Doña Chón enseñó el diente de oro para amenazar:

– ¡Ah, pero lo que es yo me voy a ir a dar una repasiada en él que no se la ha dado ni su madre…! ¡Por algo me meten presa! Sabe Dios lo que a uno le cuesta ganar el medio para que se lo deje robar así. ¡Viejo embustero, cara de india envuelta, maldito! Ya esta mañana mandé que le echaran tierra de muerto en la puerta de su casa. Ái me va a contar si hace huesos viejos…

– Y al niño, ¿lo enterraron?

– Aquí en casa lo velamos; las muchachas son muy embelequeras.
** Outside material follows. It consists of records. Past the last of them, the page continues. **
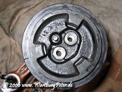 So ein Kolben hat eine kleine Kerbe am Kolbenhemd, welches zur Vergaserseite zeigen muß. Am besten man übt das zuvor im kalten Zustand, um nicht murks zu machen.
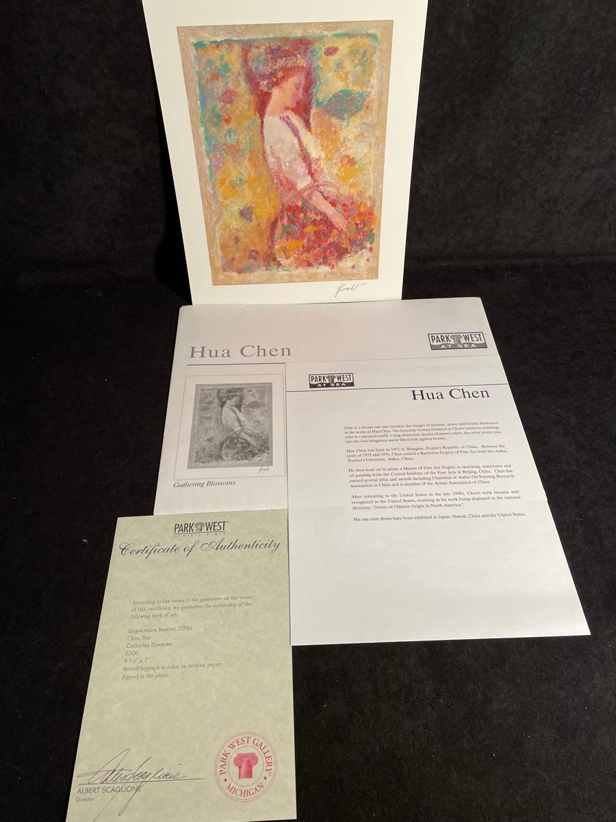 Lot 334 Lithograph by Hua Chen  "Gathering Blossoms"
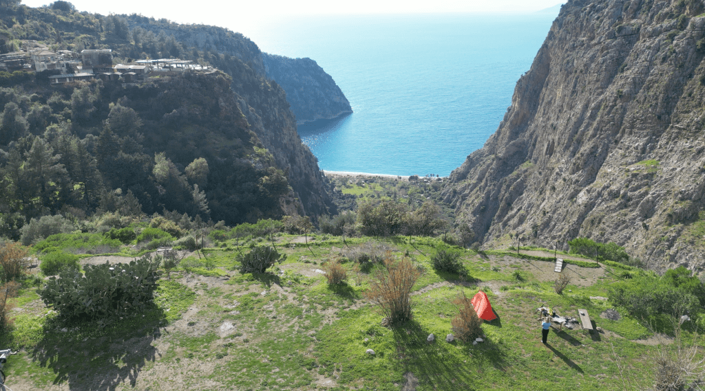 Ovacık’tan çıktıktan sonra yaklaşık 7 saatte 13 km yol aldım, 750 metre kadar da irtifa kazandım ve çok yorulmuş bir halde, ayaklarım yan yan giderken Faralya’ya ulaştım. Kelebekler Vadisi’nin üstündeki kamp yerine ulaştığımda kimsenin olmadığına şaşırdım. Ama sonra fark ettim ki erken gelmişim. Kendimle gurur duydum tam bu noktada, “Aferin kız” dedim kendime, “Başardın işte.”
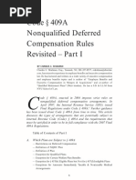 of an additional benet under a new plan adopted March 1 to allow an individual employee to elect a after October 3, 2004 and before January 1, 2005 new change in the time or form of payment without will not be treated as a material modication of an realizing that such a change constituted a material existing plan to the extent that the new plan explicitly modication that would subject the plan to the reidenties additional deferrals of compensation and quirements of Code Sec. 409A, and the modication provides that the additional deferrals of compensation is rescinded on November 1, then the plan is not are subject to Code Sec. 409A. considered materially modied if no change in the A cessation of deferrals under, or termination of, a time or form of payment has been made pursuant to plan, pursuant to the provisions of such plan, is not the modication before November 1. a material modication. Amending a plan to provide II. Definition of Deferred participants an election whether to terminate parCompensation Subject to ticipation in a plan generally constitutes a material modication of the plan. Code Sec. 409A With respect to an account balance plan, it is not A. Establishment of the Service Provider/ a material modication to change a notional investment measure, or to add to an existing investment Service Recipient Relationship measure, to an investment measure that qualies as a predetermined actual investment26 or, for any given Th e Fi n a l R e g s o n l y a p p l y t o c o m p e n s a 27 tory relationships between one that provides tax year, reects a reasonable rate of interest For this the services (a service purpose, if with respect to provider) and one that an amount deferred for a Even though deferred receives such services period, a plan provides for compensation may fall within (a service recipient). a xed rate of interest to be the denition of a deferral of Typically, this relationcredited, and the rate is to be reset under the plan at compensation, there are instances ship will be either a standard employee/ema specied future date that where the deferred compensation ployer relationship or an is not later than the end may be recharacterized and independent contractor of the fth tax year that providing services to an begins after the beginning become completely exempt from individual, a company or of the period, the rate is Code Sec. 409A. easo ab on other entity. reasonable at the beginni g of the period, and ing th eriod and d, ning o t 1. Denition of Service Provider th r e is n c he ge efore the rate s not changed before the reset date, then the ra will be t ated as reasonab in all future periods ate rate will b treated reasonable Final Reg. 1.409A-1(f) provides that the term sere before the reset date. vice p provider includes: tio extension e o a an individual, n The modication, extension or re ewal of a stock renewal f stock an individu corporation, subchapter S corporaright (as dened in II.E.2 below) will not constitute a tion or partnership; material modication of the stock right, if the modia personal service corporation (as dened in cation, extension or renewal would not be treated as Code Sec. 269A(b)(1)), or a noncorporate entity the grant of a new stock right under the Final Regs and that would be a personal service corporation if would not result in the stock right being treated as havit were a corporation; or ing had a deferral feature from the date of grant. a qualied personal service corporation (as deAny modication to the terms of a plan that would ned in Code Sec. 448(d)(2)), or a noncorporate inadvertently result in treatment as a material modientity that would be a qualied personal service cation is not considered a material modication of corporation if it were a corporation; the plan to the extent the modication in the terms for any taxable year in which such individual, of the plan is rescinded by the earlier of a date before corporation, subchapter S corporation, partnerthe right is exercised (if the change grants a discretionship, or other entity accounts for gross income ary right) or the last day of the tax year of the service from the performance of services under the cash provider during which such change occurred. Thus, receipts and disbursements method of accountif a service recipient modies the terms of a plan on ing. The term service provider also includes a
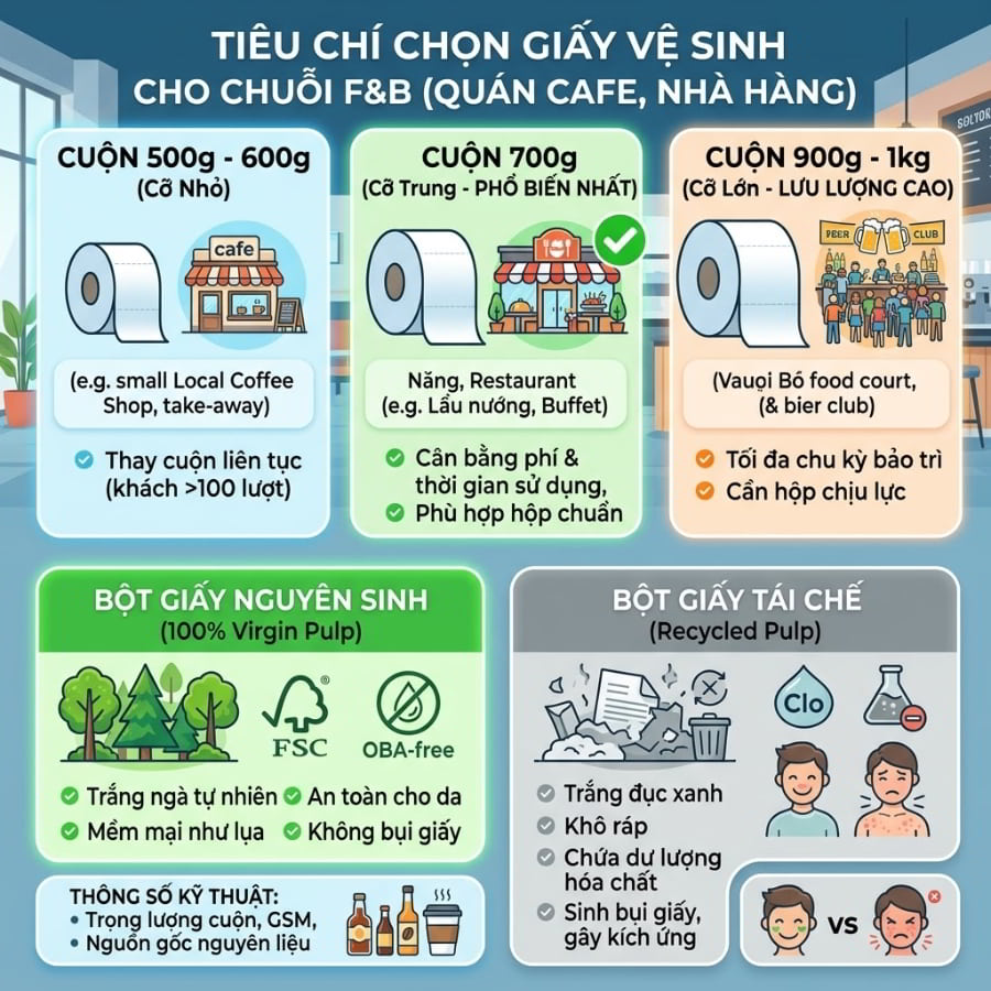 Hãy coi việc chọn giấy vệ sinh như việc bạn chọn mua nguyên liệu pha chế cho quầy bar. Nó cần sự nhất quán, chất lượng và phù hợp với đúng đối tượng phục vụ. Dưới đây là những tiêu chuẩn cốt lõi mà mọi quản lý chuỗi F&B cần nằm lòng trước khi đặt bút ký hợp đồng cung ứng vật tư.
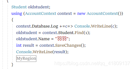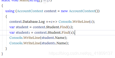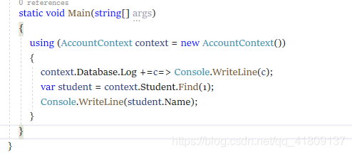 我們重新改造一下控制臺(tái)的代碼,添加 context.Database.Log +=c=> Console.WriteLine©; 這句話會(huì)幫我們記錄數(shù)據(jù)的日志。
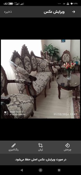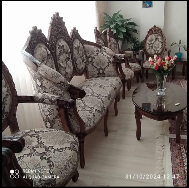 مبل سلطنتی مدل فرحی ۹نفره تمام چوب سالم و تمیزکف مبل فوم سرد سی کیلویی هست بدون خوابیدگی کفی مبل ،پارچه مبل بافت یزد هست ،دارای یک عدد میز وسط کنده کاری شده همراه با دو عدد عسلی با رویه های شیشه به دلیل جابجایی ونبودن جا به فروش می رسد با خریدار واقعی کنارمیام

Hubieron tamales…

– Fiesta…

– ¡Vaya por allá!

– Y la policía, ¿qué hace…?

– Por pisto se consiguió la licencia. Al día siguiente nos fuimos a enterrarlo a la isla, en una caja preciosa de raso blanco.

– ¿Y no teme usted que haya familia que le reclame el cadáver, al menos el aviso…?

– Sólo eso me faltaba; y ¿quién va a reclamar? Su padre está preso en la penitenciaría por político; es de apellido Rodas, y la madre, ya lo sabe usté, en el hospital.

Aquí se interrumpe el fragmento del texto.